Rated 1 out of 5 stars

Following this report: <https://addons.mozilla.org/en-US/firefox/addon/quickdrag/reviews/344023/>, I checked the code and found a fantastic comment:

//Advertising is disabled for a one week period if that period has elapsed reset the marketing setting

And indeed the code does just that.

The option is also not documented at all, so no user can make an educated choice about whether to enable it or not. Nobody can know if or what data is sent, why, and to whom without looking at the code or network traffic. Without digging too much, I believe it modifies pages on certain sites (Yahoo and Youtube) to add undesired advertisement from iicdn.com. It also generates and stores a UUID for the user, which it only sends on first run to their server, supposedly to track how many unique users have the option enabled.

Note that as of september 2013, their website (http://www.quickdrag.com/) seems down, but looking at data from archive.org, it seems as though the server behind this domain always redirected to its Mozilla's addon page. No luck there. The author's website at <http://code.kliu.org/> provides no information either.

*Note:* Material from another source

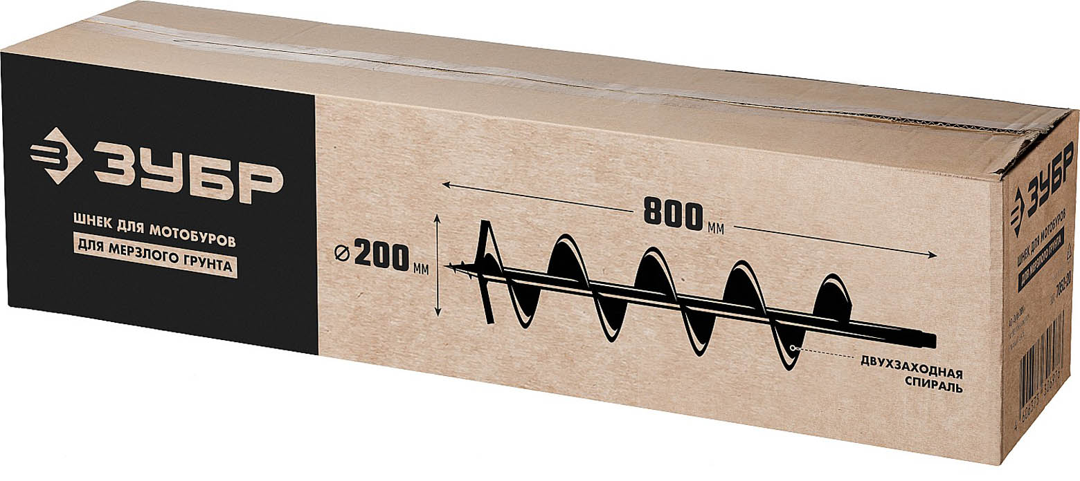 Шнек для мотобуров, мерзлый грунт, d=200 мм, двухзаходный, ЗУБР

It's also an "opt-out" scheme (if we ignore the fact that they don't respect it for more than a week), where I believe it really should be opt-in. At the very least, users should be offered a choice before enabling the feature after installation.

In my opinion, this is a very lame tactic (it's almost malware at this point), and Mozilla should take ten minutes to review the code, and either force the developers to make changes or simply ban the add-on. It's a very small extension (albeit very useful), so I wouldn't worry too much: somebody will reimplement it better.